🤖 AI Summary
This study addresses the limitation of current dialogue systems that treat self-stigmatizing expressions from individuals who use drugs as homogeneous signals, thereby failing to deliver effective support. The authors propose the first latent profile analysis (LPA)-based typology distinguishing four distinct self-stigma personality profiles. Integrating a sequential Bayesian classifier with a recurrent neural network, the framework accurately identifies an individual’s profile from limited posting history—achieving a macro F1-score of 0.74 with fewer than 30 posts—and leverages this insight to guide large language models in generating personalized responses. While personalized interventions demonstrate greater efficacy in promoting behavioral change, they reveal a tension with generic empathetic strategies in clinical evaluations, highlighting a critical trade-off in the design of supportive conversational agents.
📝 Abstract
Self-stigma predicts treatment avoidance and disengagement among people who use drugs (PWUD), yet conversational systems aiming to provide support typically treat self-stigma expression as a uniform signal.
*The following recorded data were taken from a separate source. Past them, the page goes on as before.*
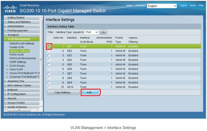 Next, you will need to set the VLAN mode for each switch port. By default, each port is a trunk port, so you will have to change ports 1 to 8 to access ports. In the following page, select port 1, and then click “Edit”.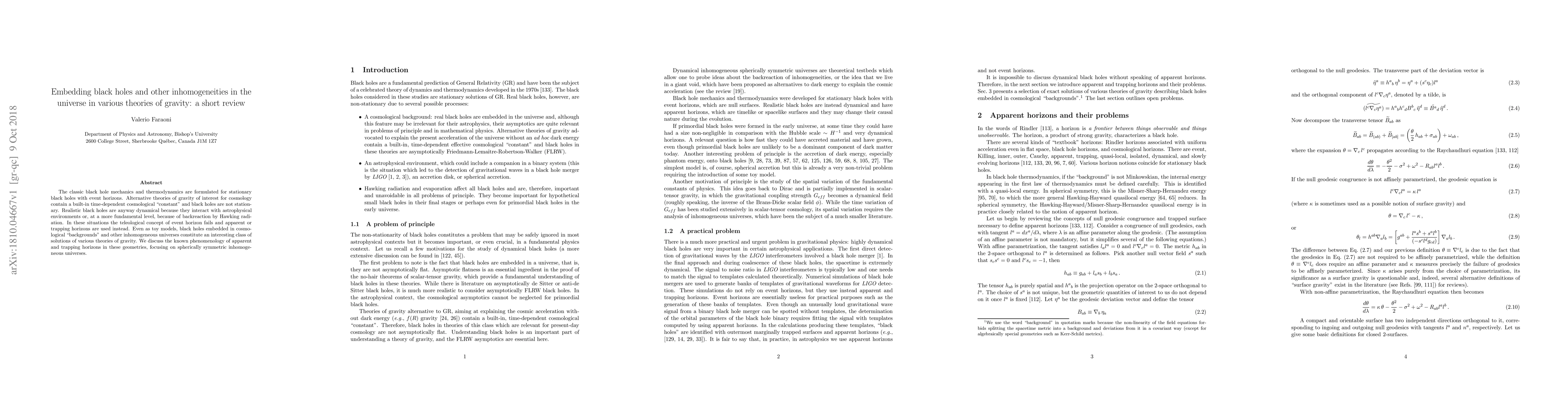 This paper reviews the embedding of black holes and other inhomogeneities in various alternative theories of gravity, emphasizing the challenges posed by time-dependent cosmological constants and the use of apparent or trapping horizons instead of event horizons. It focuses on spherically symmetric inhomogeneous universes and discusses the phenomenology of these horizons.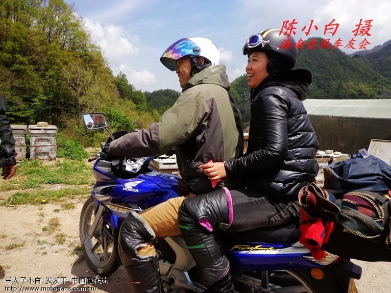 在路途上還遇到了幾個摩友,有一部是本地的陜西牌摩友,而另一部戰(zhàn)鷹是一對夫妻。通過聊天才知道這對夫妻男的是東北的,女的是浙江的,通過擺地攤認(rèn)識的,都是租住同一棟樓,認(rèn)識6天就閃婚,他們決定騎上摩托車到雙方的家里見父母。摩托車是他們買的二手的,在來回雙方家里的路上,同時也感受騎行在路上的旅程,好浪漫。隊員江濤把自己的一副手套送給了這位新人,全隊祝福他們新婚快樂。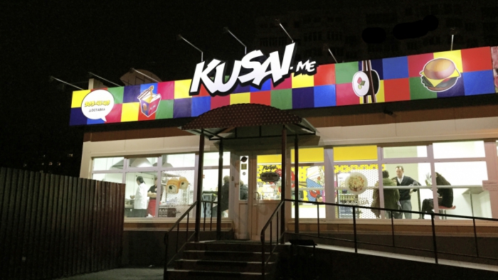 Яркая вывеска самого заведения радикально отличается от конкурентов и вызывает активный интерес у прохожих. Интерьер же самого заведения настолько ярок и необычен, что провоцирует посетителей сделать селфи на фоне стены с фирменными иллюстрациями Kusai, уверяют авторы проекта.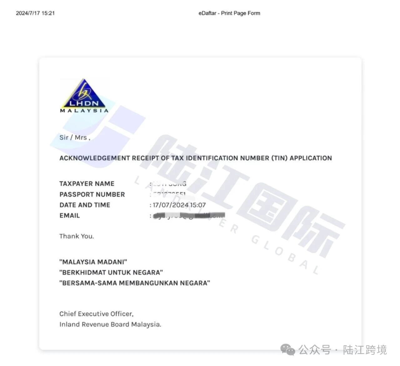 其次,马来西亚税号的获取成本不算高,不需要办理移民,不需要长期签证,甚至不需要亲赴马来面签,只需要通过专业的机构(陆江跨境)就能丝滑办理。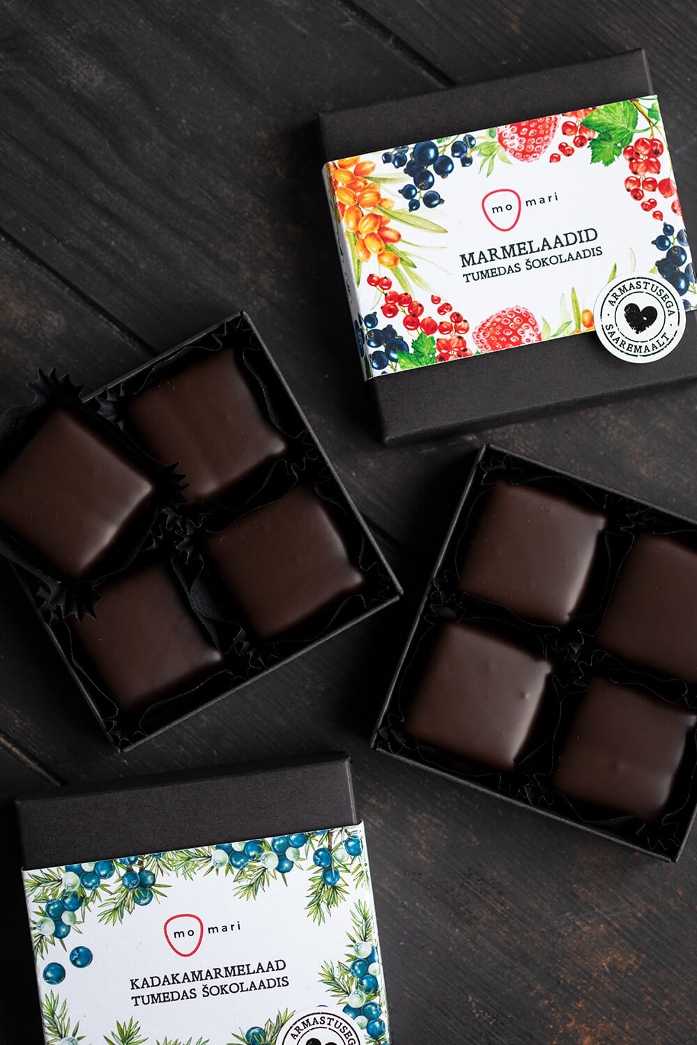 MoMari marmelaadid valmivad käsitööna puhtast marjapüreest ja on kaetud tumeda Belgia šokolaadiga.

We present a three-phase, proof-of-concept study of a persona-aware approach to LLM support. Latent Profile Analysis (LPA) on indicator-level features from 1,174 self-stigma expressors on Reddit yields a four-persona typology validated against held-out behavioral and linguistic features. Sequential Bayesian and recurrent neural classifiers recover these personas from limited posting histories, substantially outperforming batch and few-shot LLM baselines (macro-F1 = 0.74 at 30 posts). Evaluation by eight clinical experts across three contemporary LLMs revealed a misalignment: persona-matched responses successfully achieved targeted behavioral shifts, yet raters holistically preferred the generic empathy of the persona-neutral baseline. Our findings suggest that holistic empathy judgments and clinically-aligned response design can pull in opposite directions, and that evaluating LLM-based stigma support requires rubrics capable of decomposing the two.